Having selected a method for sampling and conditioning brain signals, the next step — and one of the most difficult challenges — is to define a strategy for extracting meaningful control information from neural ensemble activity in real time. Currently, neuroscientists rely on a variety of linear and nonlinear multivariate algorithms, such as discriminant analysis, multiple linear regression and artificial neural networks, to carry out real-time and off-line analysis of neural ensemble data. Preliminary results from animal studies that use these different methods are encouraging, but considerably more experience is needed to apply these techniques in clinical HBMIs. The challenge is to produce algorithms that can combine the activity of large numbers of neurons, which convey different amounts of information, and extract stable control signals, even when the firing patterns of these neurons change significantly across different timescales. Research on areas ranging from automatic sorting algorithms for unsupervised isolation of single neuron action potentials, to the design of real-time pattern recognition algorithms that can handle data from thousands of simultaneously recorded neurons will certainly be required. In the same context, clinical applications of HBMIs will require considerable computational resources.

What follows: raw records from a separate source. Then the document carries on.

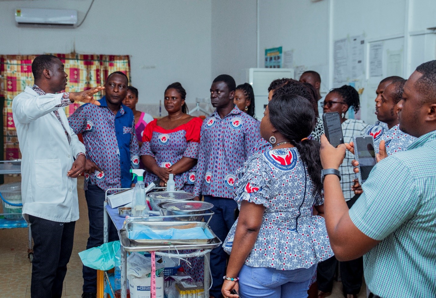 Dr. James kojo Prah conducting the delegation from UCC Credit Union around the maternity block
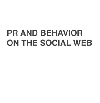 This document discusses public relations and building relationships through social media. It defines PR as the strategic management of communication relationships between an organization and its publics. It also discusses how relationships form online through shared values and behaviors. Strategies are presented for building relationships on social media, including using the right channels for different contexts and publics, listening, adapting, and monitoring engagement. Tools are provided for measuring and monitoring conversations at both narrow and wide scopes. The goals of content publishing are discussed, such as behavior change, matching values, and strengthening relationships.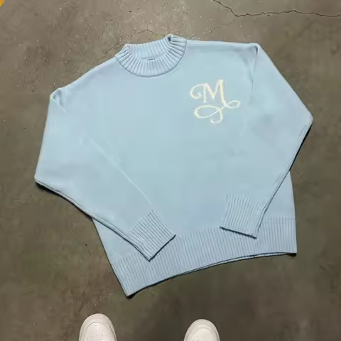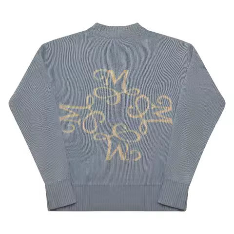 Y2K Korean Retro Long-sleeved Sweater Signature M Logo Pattern Pullover Nen's New Fashion High Street Casual Wear Boxy Knit Top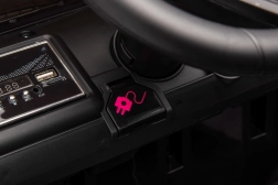 Das schwarze elektrische Auto Off Road Mountain für Kinder ist mit besonderem Augenmerk auf Details gestaltet, die echte Geländefahrzeuge nachahmen.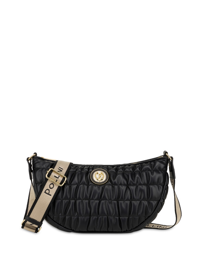 Borsa a tracolla realizzata in un nuovo materiale soft, dall'effetto goffrato, che dona rotondità e morbidezza. Medaglia smaltata in tono, con logo P-alloro in metallo effetto specchio. Tracolla con logo jacquard. Tracolla logata regolabile Chiusura con zip Interno foderato con tasca applicata e tasca con zip Colore: NERO/NERO Dimensioni: 17X35X9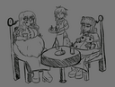 Can I have a remake of the first photo shown in the spoiler replacing Leonie for Yunaka both her and Marianne are eating candied fruits made by Clanne both of them are enjoying their meal.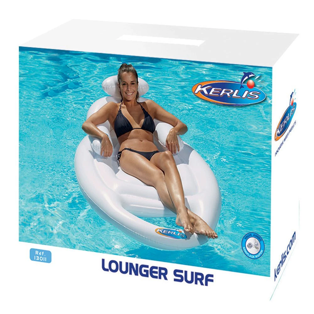 Grote surf drijvende lounge zetel in witte kleur. Zeer strak, handig en uitermate kwalitatief. Er is een extra bekerhouder, stevige hoofd en rugsteun. De opblaasbare lounge zetel is gemaakt van versterkt dikker PVC 0,35 mm. Doorgaans is de dikte van het opblaasbaar speelgoed 0,2 mm dik.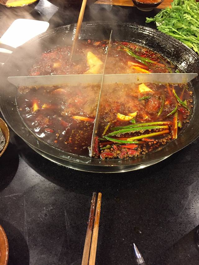 矿火锅是属于那种老重庆的火锅店,装饰也很古老,店面不大。桌子椅子都是木头的。点的辣锅,麻到嘴巴都没有知觉了,但是很好吃。我建议还是点鸳鸯,因为蔬菜放到辣锅里真的超油超辣。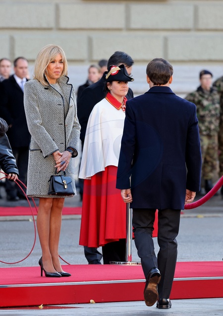 powitanie prezydenta Emmanuela Macrona i Brigitte Macron na Placu Federalnym w Bernie w Szwajcarii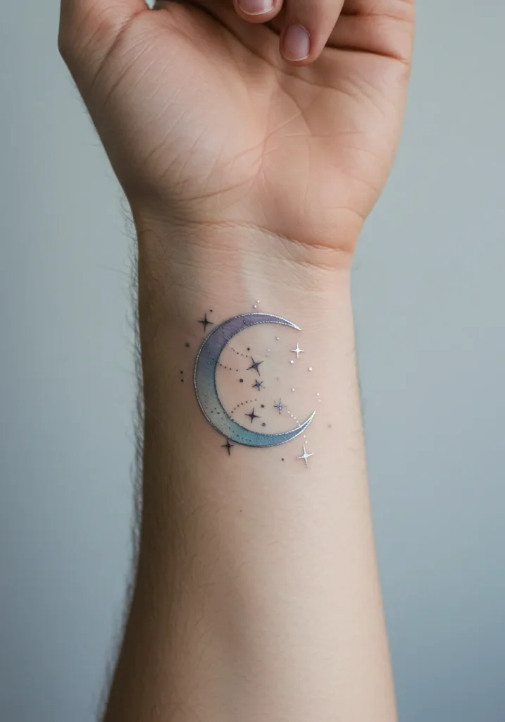 This dreamy wrist tattoo features a delicate crescent moon surrounded by a scattering of soft, glimmering stars. The moon is shaded with gentle gradients of blue, lavender, and grey, giving it an almost ethereal glow, while the stars range in size and sparkle to create a magical night sky effect. The placement feels personal and calming, like a little piece of the universe tucked right on the wrist.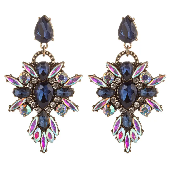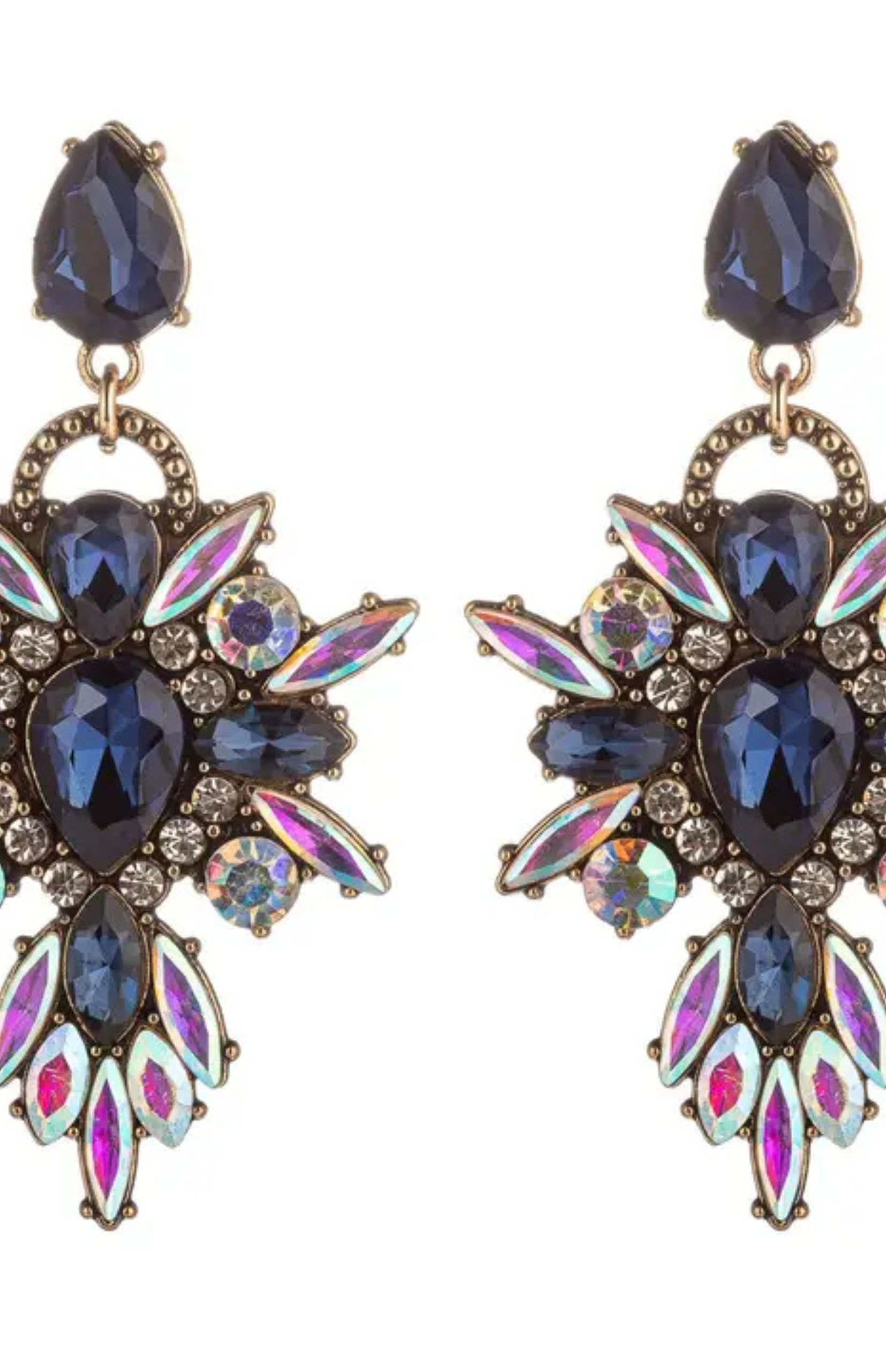 Be that talk of the night when you have our Lexy Statement earrings on! These beautiful statement earrings are home to an array of blue glass crystals that all come in unique hues, sizes and shapes. This combination of assorted glass crystals paired with a gold alloy base makes these dangling earrings a must have piece for your collection!

In the not too distant future, new developments in the design of brain-inspired VLSI17, an exciting area of research aimed at modelling neuronal systems in silicon18, may provide the means for achieving the type of efficient real-time neural signal analysis required for HBMIs. This technology may allow pattern recognition algorithms, such as artificial neural networks or realistic models of neural circuits, to be implemented directly in silicon circuits. Among many other technical hurdles, significant work will be required to make these silicon circuits adaptive, perhaps by incorporating learning rules derived from the study of biological neural circuits. This will allow 'training' of algorithms as well as ensuring the robustness of the control system. From an implementation point of view, 'analytical neurochips' are ideal as they could be interfaced with the instrumentation neurochip and be chronically implanted in the subject.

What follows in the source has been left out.